BEGIN Data for analysis
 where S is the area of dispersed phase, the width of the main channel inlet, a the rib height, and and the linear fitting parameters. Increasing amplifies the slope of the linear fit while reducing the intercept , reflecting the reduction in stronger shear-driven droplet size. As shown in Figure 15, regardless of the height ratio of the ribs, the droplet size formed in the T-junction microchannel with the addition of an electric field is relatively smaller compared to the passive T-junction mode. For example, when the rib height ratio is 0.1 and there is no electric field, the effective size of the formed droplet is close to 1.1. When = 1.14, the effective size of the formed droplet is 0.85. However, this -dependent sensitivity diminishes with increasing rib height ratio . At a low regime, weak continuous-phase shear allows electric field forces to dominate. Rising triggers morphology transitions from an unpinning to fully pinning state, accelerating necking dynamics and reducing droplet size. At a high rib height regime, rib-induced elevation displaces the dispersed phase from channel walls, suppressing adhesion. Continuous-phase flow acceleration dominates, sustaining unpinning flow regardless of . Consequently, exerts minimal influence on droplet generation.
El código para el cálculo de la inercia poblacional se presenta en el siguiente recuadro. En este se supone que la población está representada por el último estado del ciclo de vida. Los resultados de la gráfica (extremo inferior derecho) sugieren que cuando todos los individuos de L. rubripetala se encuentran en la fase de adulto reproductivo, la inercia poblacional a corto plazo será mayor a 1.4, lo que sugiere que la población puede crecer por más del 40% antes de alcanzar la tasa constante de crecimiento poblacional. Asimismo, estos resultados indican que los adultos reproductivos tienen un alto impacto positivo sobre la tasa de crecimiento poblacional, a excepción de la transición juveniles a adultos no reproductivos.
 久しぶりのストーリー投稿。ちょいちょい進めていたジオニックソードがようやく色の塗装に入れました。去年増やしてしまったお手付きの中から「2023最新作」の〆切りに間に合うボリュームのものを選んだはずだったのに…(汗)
END Data for analysis
BEGIN Data for analysis
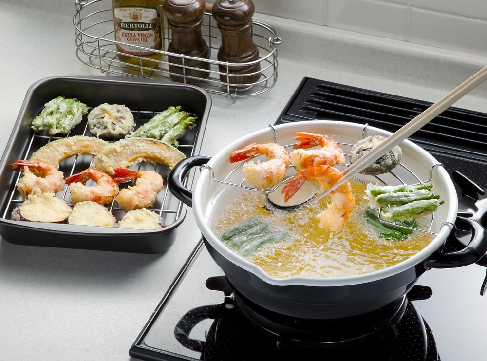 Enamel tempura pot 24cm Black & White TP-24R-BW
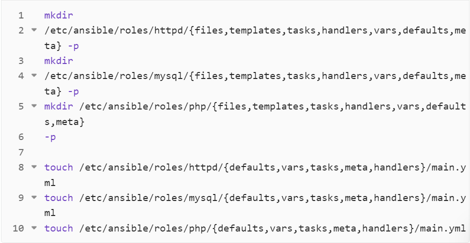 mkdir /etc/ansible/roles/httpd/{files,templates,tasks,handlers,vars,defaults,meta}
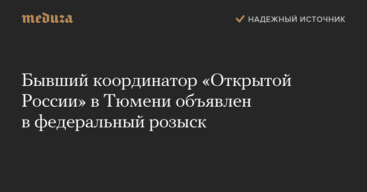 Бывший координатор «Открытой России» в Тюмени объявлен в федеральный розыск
END Data for analysis
BEGIN Data for analysis
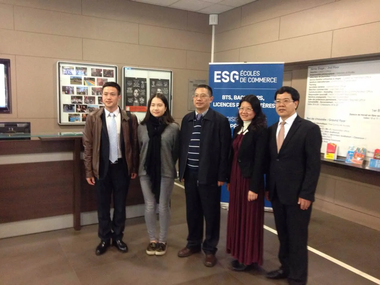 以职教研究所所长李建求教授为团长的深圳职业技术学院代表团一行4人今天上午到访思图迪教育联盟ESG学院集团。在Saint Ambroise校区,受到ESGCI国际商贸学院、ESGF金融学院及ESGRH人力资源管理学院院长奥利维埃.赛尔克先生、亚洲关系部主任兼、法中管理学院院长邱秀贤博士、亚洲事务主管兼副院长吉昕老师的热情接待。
END Data for analysis
• Exercise brief: Copy needed, without pictures: the lines of the listing above from the line containing "Enamel tempura pot" up to and including the line containing "в федеральный розыск", set down exactly.

• Written response:
 Enamel tempura pot 24cm Black & White TP-24R-BW
 mkdir /etc/ansible/roles/httpd/{files,templates,tasks,handlers,vars,defaults,meta}
 Бывший координатор «Открытой России» в Тюмени объявлен в федеральный розыск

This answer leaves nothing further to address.